This is probably a very basic problem, but I cannot seem to figure out how to resolve it. I have a Rancher 2.6.5 installation on a single node K3s local cluster, and it is also managing a remote 5 node K3s cluster. Everything was fine for a year. After that year, a certificate…somewhere…expired. I get the following error on my cattle agent pod on the remote cluster:
time="2022-07-19T03:55:56Z" level=fatal msg="Server certificate is not valid, please check if the host has the correct time configured and if the server certificate has a notAfter date and time in the future. Certificate information is displayed above. error: Get \"https://rancher.example.com\": x509: certificate has expired or is not yet valid: current time 2022-07-19T03:55:56Z is after 2022-04-08T03:20:16Z"
I can see, obviously, that the error is caused by an expired certificate. I’m even fairly confident I can successfully renew it with a little Googling. The problem is that I can’t figure out which one expired. When I look through all the cert directories I can find related to the K3s clusters and Rancher itself, every cert I find is still valid (at least according to OpenSSL).

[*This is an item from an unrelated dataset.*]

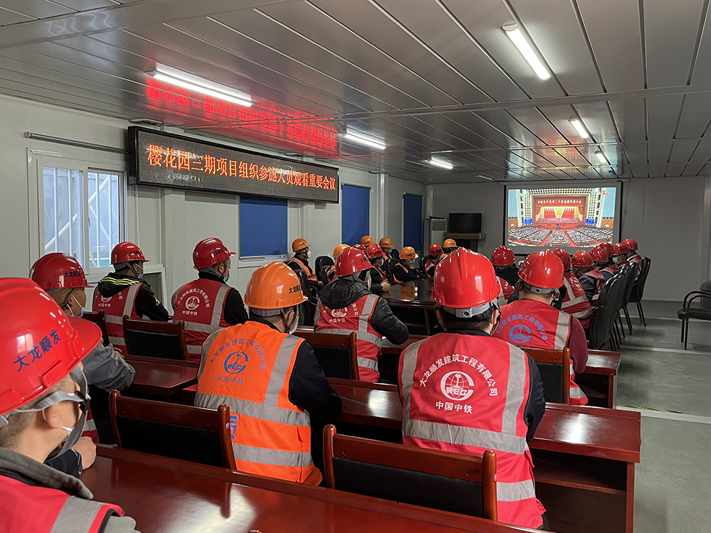大龙控股所属大龙顺发樱花园项目部组织党员干部观看二十大开幕式
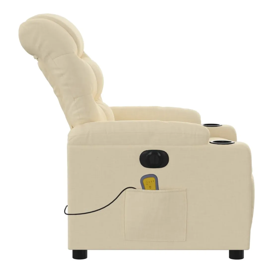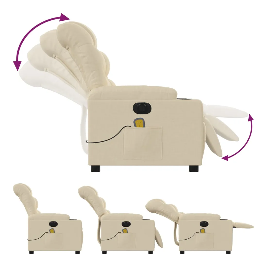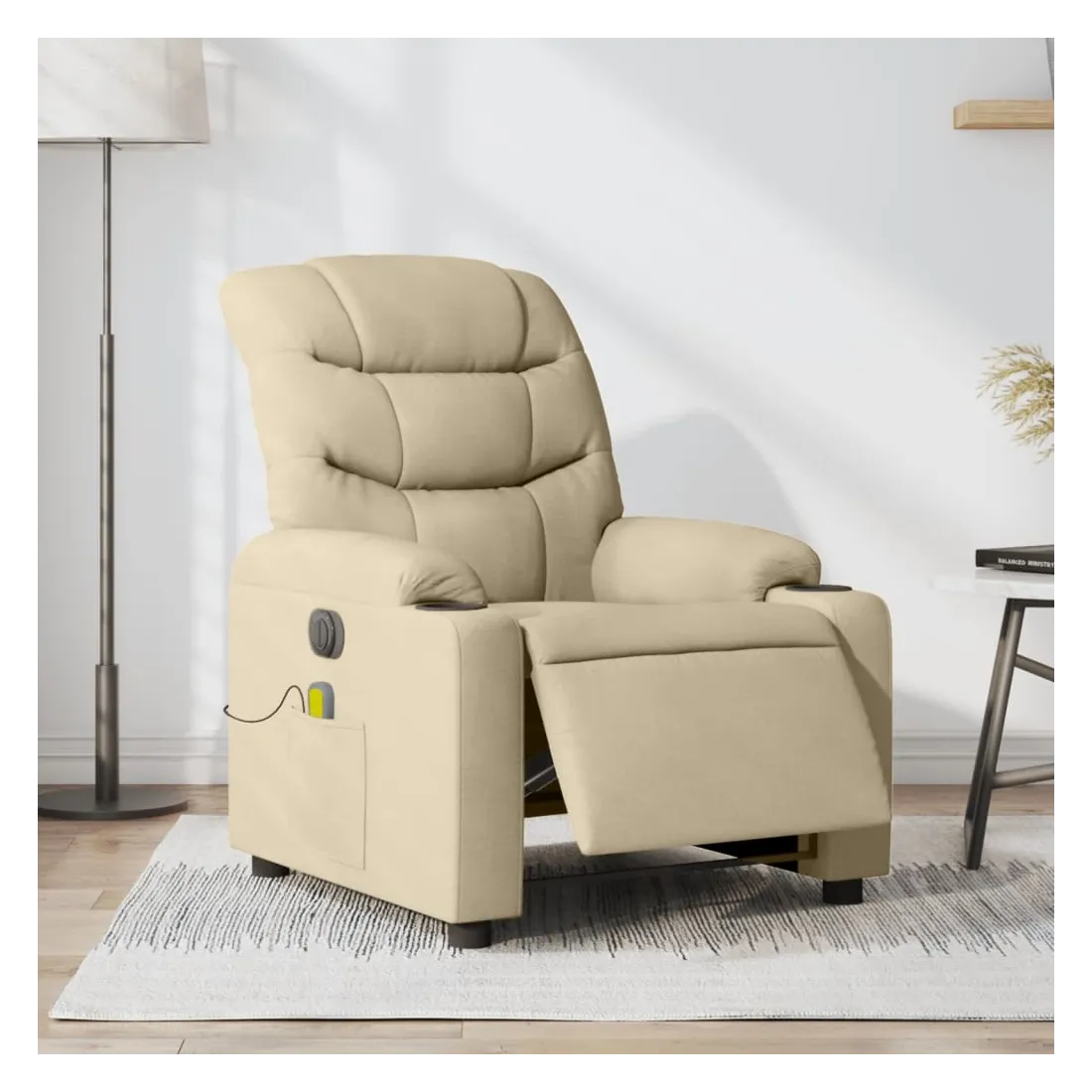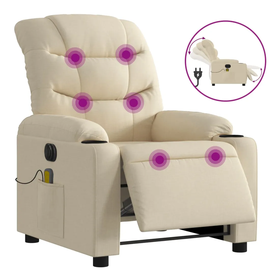 Asseyez-vous et détendez-vous dans ce fauteuil inclinable de massage électrique très confortable ! Fonction d'inclinaison électrique : ce fauteuil inclinable est équipé d'un moteur électrique qui permet de régler automatiquement le repose-pied et le dossier dans n'importe quelle position, selon votre confort, en appuyant simplement sur le bouton situé sur le côté du fauteuil. Cette fonction permet une inclinaison maximale de 135 degrés. En outre, le dossier peut revenir automatiquement à sa position d'origine par une simple pression sur le bouton.Fonction de vibration : les 6 points de massage vous permettent de faire l'expérience d'un massage mieux ciblé. De plus, la télécommande incluse vous permet de choisir différents programmes de massage. La fonction de massage est alimentée par le connecteur USB qui nécessite une source d'alimentation USB certifiée de 5 V (non fournie).Expérience d'assise confortable : le siège, le dossier et les larges accoudoirs bien rembourrés recouverts de tissu procurent une sensation confortable et chaleureuse, vous permettant de vous sentir enveloppé lorsque vous êtes assis. Le tissu présente un aspect simple et épuré et est respirant et durable.Poche latérale pratique : ce fauteuil est doté d'une poche latérale pour ranger votre télécommande ou garder vos objets essentiels à portée de main.Cadre solide et stable : le cadre en bois et en métal offre une structure solide et une grande stabilité. Ce fauteuil inclinable est confortable et durable.

Can anyone provide me with some direction on where to look for the relevant cert(s)?
You may be able to find specifics in Rancher docs, but generally speaking K3S & RKE2 will renew a variety of certs for internal Kubernetes communication when you restart them. They expire in a year and will renew any time they’re 90 days from expiration when restarting. So restarting your K3S service should do the trick.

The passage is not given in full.